If you want to hear more about Wallets listen to this excellent Podcast from Bankless.
Despite the small numbers today, Wallets are likely to become the true gateways to Web3 experiences as they manage the private keys to your identity and to your possessions allowing you to move between platforms/ecosystems seamlessly.
Think of the wallet as the browser that lets you open up and engage with any website. Or going even further back in time, imagine (or remember) that it used to be impossible to call people whose phone numbers belonged to different telephone companies. You could call only within your network/operator. Telephone exchanges made phone calls easy, the browser made the internet easy, and I believe wallets are what will make Web3 intuitive and easy.
While this product category is still in early development, the potential to unlock value across Web3 is astounding.

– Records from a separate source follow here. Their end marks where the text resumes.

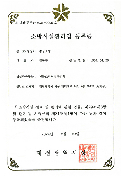 소방시설관리업등록증
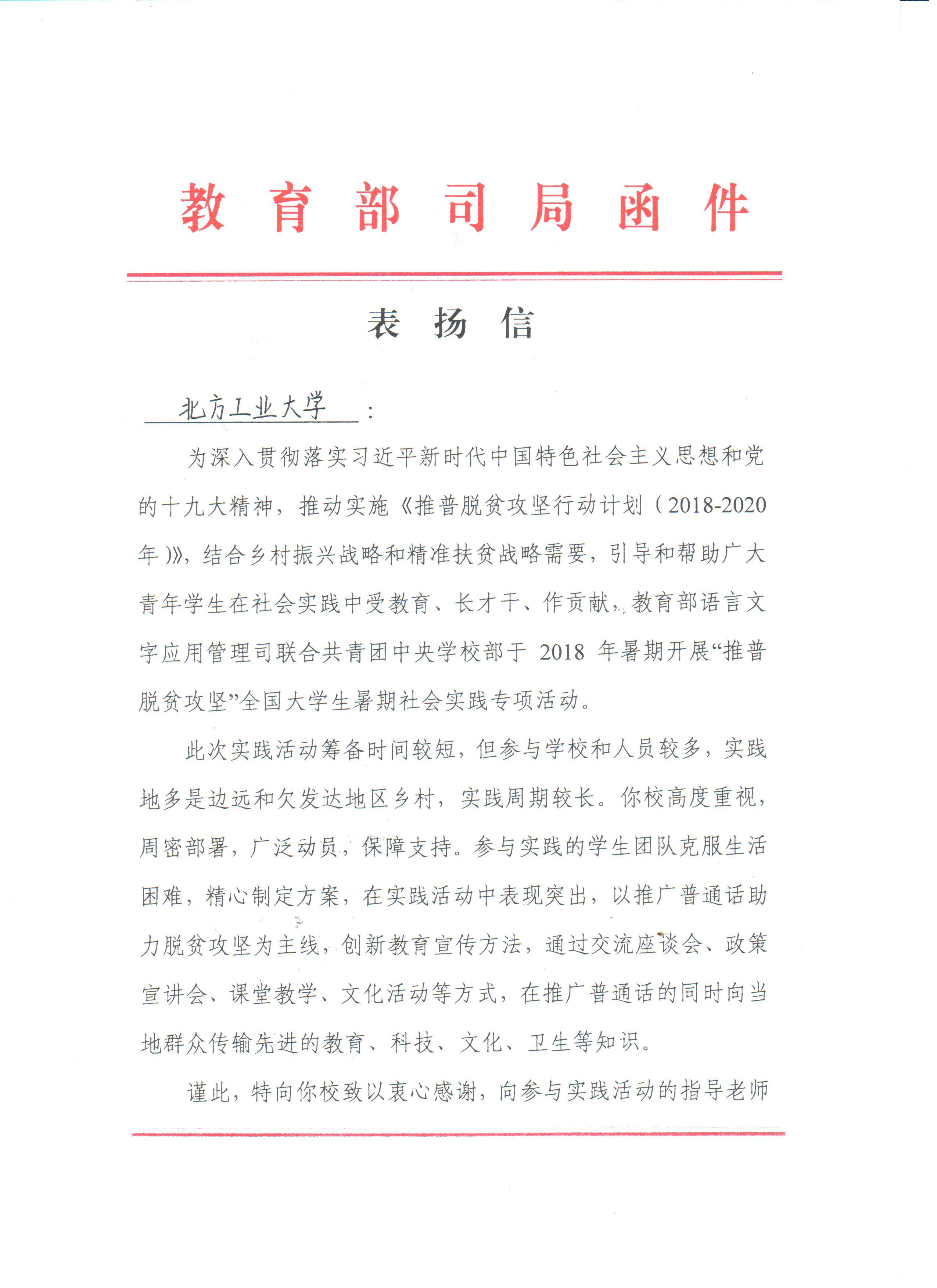 近日,学校收到教育部语言文字应用管理司和团中央学校部发来的表扬信,对Beat365参加2018年“推普脱贫攻坚”全国大学生暑期社会实践的优秀团队提出表扬。今年暑期,由Beat365文法学院牵头,文法学院和经济管理学院7名学生组成的“心系故里”实践团前往新疆和田地区开展了“推普脱贫攻坚”专项社会实践,并被评为2018年全国大中专学生志愿者暑期“三下乡”社会实践活动优秀团队。编辑:单连良责任编辑:左芳
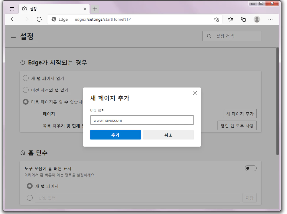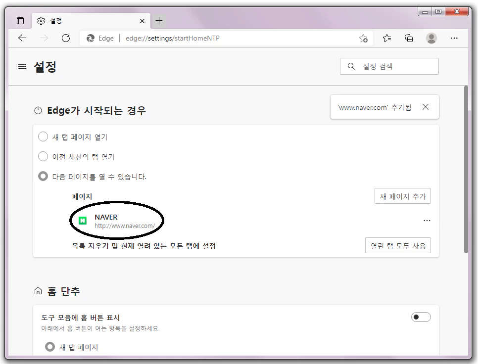 시작페이지를 변경하는 방법은 브라우저 설정에서 시작 페이지에 네이버의 주소를 추가하면 됩니다. 대부분의 브라우저들은 비슷한 방식으로 설정이 가능합니다. 이는 아무래도 최근에는 크롬기반의 브라우저가 많아져서 통일이 된 것 같네요.

The recently announced MetaMask + MyCrypto merger, along with the $18m investment into Rainbow Wallet are likely to usher in significant developments both functionally and in terms of UI / UX allowing for Web3 experiences to feel more natural, safe and to become truly intuitive.
Crypto wallets might not have had their Superbowl moment yet. And there is work to do before they offer Web3 its iPhone moment, but iPhone moment or not, one thing is certain: by continuing to advance the technology of Wallets, Cryptographic identity, and ZKP verification, we will increase people’s confidence in Metaverse and Web3 Experiences which will accelerate the adoption of the next generation of the internet while also increasing security, which in turn will make it harder for people like Ilya Lichtenstein and Heather Morgan to get away with a repeat of the Bitfinex hack.
Although maybe the world needs this kind of crazy. I am certainly looking forward to the Netflix special on these two.